Copy nothing but the lines below, from the one with "腾势生命守护系统:新增智能识" through the one with "Утка летит с утиной", exactly as written; no pictures should appear.

-- Data to use --
________________________________________

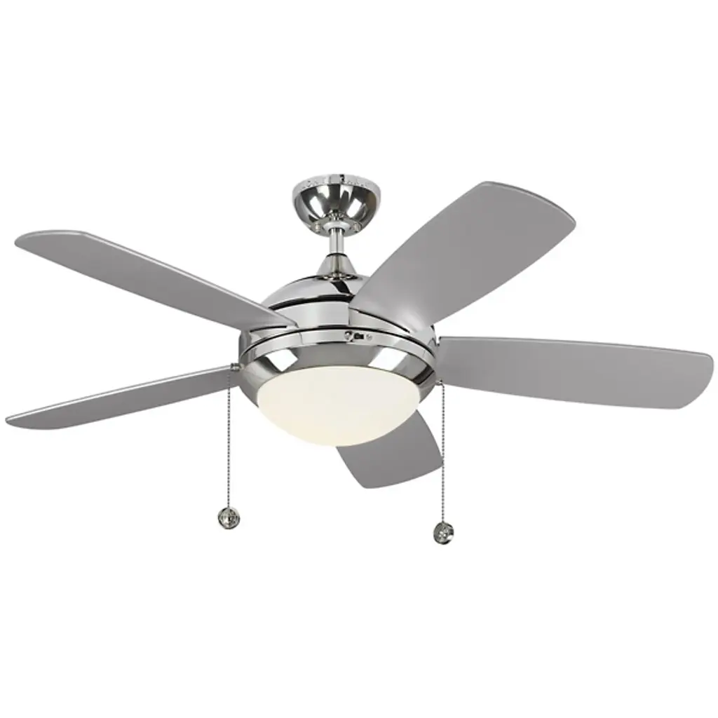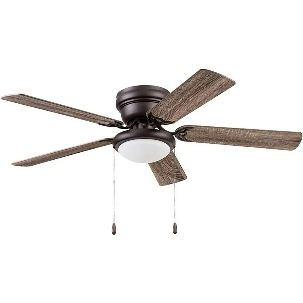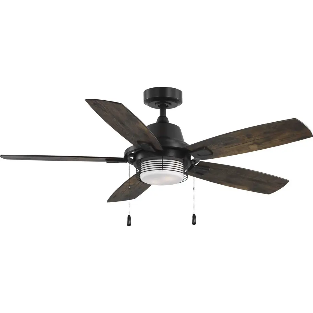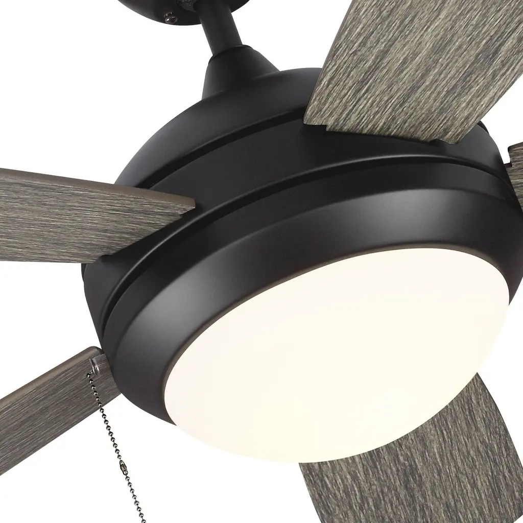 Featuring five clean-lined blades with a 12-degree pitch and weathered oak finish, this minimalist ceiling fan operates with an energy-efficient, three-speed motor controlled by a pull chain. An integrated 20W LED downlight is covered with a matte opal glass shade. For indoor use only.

________________________________________

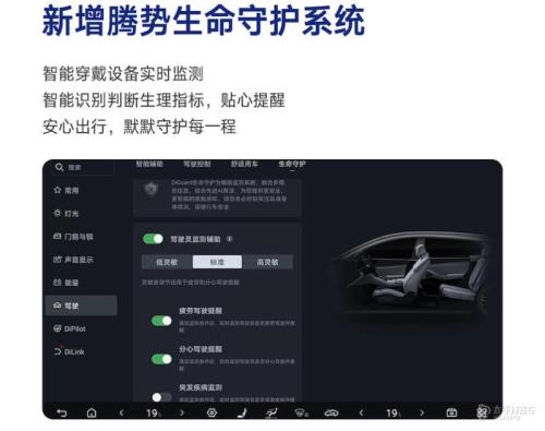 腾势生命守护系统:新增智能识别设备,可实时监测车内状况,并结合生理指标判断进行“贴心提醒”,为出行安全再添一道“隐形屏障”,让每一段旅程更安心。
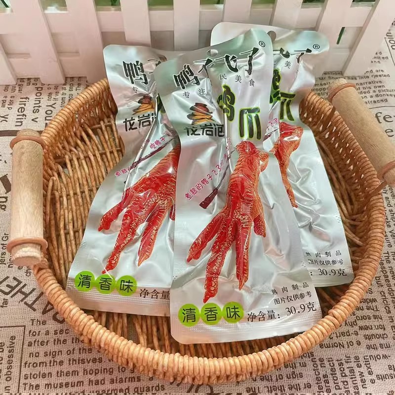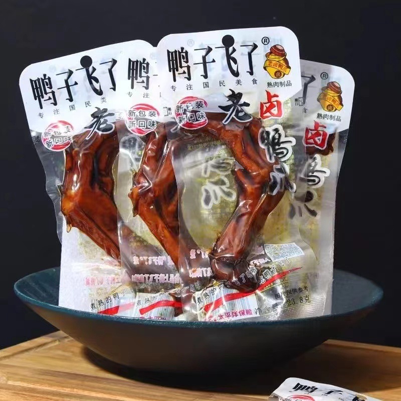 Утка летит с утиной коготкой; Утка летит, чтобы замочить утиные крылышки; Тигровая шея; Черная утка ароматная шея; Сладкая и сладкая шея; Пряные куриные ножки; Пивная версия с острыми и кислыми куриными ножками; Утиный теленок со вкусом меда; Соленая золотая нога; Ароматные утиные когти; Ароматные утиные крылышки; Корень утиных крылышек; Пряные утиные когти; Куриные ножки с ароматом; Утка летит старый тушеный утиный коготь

________________________________________

-- Result below --
 腾势生命守护系统:新增智能识别设备,可实时监测车内状况,并结合生理指标判断进行“贴心提醒”,为出行安全再添一道“隐形屏障”,让每一段旅程更安心。
 Утка летит с утиной коготкой; Утка летит, чтобы замочить утиные крылышки; Тигровая шея; Черная утка ароматная шея; Сладкая и сладкая шея; Пряные куриные ножки; Пивная версия с острыми и кислыми куриными ножками; Утиный теленок со вкусом меда; Соленая золотая нога; Ароматные утиные когти; Ароматные утиные крылышки; Корень утиных крылышек; Пряные утиные когти; Куриные ножки с ароматом; Утка летит старый тушеный утиный коготь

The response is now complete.